-- EXERCISE BRIEF --
Among the lines below, restate word for word only those from the line with "驱动IC | SPLC780D-01 |" through the line with "寒さが厳しくなっております。お体にお気をつけて!", with both end lines kept.

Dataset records
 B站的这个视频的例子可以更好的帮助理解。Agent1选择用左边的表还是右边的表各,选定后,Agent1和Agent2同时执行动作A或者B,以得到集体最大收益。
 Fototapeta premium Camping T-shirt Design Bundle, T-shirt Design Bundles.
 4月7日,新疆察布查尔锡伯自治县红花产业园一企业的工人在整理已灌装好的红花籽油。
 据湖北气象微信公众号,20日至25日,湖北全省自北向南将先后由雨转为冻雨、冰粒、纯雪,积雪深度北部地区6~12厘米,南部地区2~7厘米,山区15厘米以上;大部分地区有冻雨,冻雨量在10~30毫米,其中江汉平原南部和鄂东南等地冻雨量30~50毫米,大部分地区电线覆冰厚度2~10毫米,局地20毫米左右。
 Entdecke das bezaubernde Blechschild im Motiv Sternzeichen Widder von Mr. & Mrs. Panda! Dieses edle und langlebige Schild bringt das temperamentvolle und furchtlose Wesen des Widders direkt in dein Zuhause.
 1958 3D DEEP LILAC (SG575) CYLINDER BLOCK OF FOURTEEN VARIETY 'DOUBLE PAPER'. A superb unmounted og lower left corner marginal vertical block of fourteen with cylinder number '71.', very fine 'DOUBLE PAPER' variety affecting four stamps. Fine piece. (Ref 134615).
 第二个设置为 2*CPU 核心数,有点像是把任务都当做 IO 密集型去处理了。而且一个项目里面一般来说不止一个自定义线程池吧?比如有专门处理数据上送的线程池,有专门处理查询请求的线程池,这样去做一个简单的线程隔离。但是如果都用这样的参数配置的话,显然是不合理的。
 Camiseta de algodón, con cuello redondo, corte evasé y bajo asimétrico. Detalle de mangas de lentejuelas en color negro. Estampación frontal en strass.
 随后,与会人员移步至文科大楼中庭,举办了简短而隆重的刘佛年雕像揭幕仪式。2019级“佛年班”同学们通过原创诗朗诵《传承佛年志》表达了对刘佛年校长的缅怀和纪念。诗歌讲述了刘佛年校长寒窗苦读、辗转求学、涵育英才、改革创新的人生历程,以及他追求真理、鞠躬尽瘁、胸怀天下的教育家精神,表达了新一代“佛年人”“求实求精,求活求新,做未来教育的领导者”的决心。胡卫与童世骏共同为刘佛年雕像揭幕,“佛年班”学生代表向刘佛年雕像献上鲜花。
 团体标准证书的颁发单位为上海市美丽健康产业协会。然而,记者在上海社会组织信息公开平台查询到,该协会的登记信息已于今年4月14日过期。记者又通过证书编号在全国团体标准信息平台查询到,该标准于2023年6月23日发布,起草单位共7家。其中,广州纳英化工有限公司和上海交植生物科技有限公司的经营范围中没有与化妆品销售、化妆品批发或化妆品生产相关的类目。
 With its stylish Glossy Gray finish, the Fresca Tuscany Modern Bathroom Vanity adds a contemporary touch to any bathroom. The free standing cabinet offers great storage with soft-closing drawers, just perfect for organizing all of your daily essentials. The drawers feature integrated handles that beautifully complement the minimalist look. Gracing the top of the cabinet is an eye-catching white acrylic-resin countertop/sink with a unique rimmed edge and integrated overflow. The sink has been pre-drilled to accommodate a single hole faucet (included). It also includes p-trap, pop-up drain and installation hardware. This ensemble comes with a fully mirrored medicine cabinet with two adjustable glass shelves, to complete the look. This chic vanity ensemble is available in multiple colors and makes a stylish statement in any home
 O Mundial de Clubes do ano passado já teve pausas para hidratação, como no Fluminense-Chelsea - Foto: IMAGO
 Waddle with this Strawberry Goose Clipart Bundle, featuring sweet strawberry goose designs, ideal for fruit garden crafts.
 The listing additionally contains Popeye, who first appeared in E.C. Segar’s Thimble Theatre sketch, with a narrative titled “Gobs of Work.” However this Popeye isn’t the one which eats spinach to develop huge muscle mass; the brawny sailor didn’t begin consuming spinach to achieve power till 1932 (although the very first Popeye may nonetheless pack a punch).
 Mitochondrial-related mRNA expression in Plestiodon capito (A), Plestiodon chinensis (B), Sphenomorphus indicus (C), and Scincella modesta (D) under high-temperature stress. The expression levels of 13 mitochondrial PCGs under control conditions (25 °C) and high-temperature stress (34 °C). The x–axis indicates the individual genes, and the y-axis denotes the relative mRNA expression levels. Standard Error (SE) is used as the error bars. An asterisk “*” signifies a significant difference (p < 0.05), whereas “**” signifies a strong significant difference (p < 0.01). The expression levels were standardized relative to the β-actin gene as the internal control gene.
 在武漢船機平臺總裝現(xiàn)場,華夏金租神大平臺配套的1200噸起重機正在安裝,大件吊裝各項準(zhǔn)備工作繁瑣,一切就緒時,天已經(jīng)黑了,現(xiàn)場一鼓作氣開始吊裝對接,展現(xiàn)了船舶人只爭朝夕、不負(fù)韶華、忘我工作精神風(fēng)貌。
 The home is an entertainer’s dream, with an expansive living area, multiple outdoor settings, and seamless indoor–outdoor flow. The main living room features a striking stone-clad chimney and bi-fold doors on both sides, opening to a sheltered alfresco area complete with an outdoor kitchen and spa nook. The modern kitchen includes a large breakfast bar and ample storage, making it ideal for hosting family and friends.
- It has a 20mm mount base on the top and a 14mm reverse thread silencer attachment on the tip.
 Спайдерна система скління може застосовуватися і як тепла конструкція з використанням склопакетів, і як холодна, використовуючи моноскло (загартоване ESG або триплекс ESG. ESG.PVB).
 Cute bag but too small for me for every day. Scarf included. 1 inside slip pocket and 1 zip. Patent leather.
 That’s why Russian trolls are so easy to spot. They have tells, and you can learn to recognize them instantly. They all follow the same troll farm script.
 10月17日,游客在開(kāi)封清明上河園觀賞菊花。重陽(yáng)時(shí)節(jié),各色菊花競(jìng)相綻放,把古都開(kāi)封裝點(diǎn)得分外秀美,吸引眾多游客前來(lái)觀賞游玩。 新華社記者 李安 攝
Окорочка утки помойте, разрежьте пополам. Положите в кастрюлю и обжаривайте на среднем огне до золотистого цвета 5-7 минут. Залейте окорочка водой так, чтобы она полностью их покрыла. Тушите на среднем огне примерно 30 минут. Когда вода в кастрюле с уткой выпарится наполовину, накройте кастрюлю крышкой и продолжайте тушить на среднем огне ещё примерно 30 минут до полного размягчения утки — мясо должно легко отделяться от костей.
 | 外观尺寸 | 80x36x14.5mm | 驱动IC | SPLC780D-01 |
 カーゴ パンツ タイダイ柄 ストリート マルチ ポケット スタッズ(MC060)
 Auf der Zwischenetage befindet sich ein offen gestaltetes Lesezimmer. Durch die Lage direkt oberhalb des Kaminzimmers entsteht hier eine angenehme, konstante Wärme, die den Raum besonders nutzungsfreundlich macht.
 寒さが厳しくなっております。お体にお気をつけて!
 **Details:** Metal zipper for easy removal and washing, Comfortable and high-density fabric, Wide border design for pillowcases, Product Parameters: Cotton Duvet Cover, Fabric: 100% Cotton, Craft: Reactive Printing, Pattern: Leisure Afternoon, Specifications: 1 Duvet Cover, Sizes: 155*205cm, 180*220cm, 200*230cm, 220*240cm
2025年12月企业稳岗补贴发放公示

-- EXERCISE OUTPUT --
 | 外观尺寸 | 80x36x14.5mm | 驱动IC | SPLC780D-01 |
 カーゴ パンツ タイダイ柄 ストリート マルチ ポケット スタッズ(MC060)
 Auf der Zwischenetage befindet sich ein offen gestaltetes Lesezimmer. Durch die Lage direkt oberhalb des Kaminzimmers entsteht hier eine angenehme, konstante Wärme, die den Raum besonders nutzungsfreundlich macht.
 寒さが厳しくなっております。お体にお気をつけて!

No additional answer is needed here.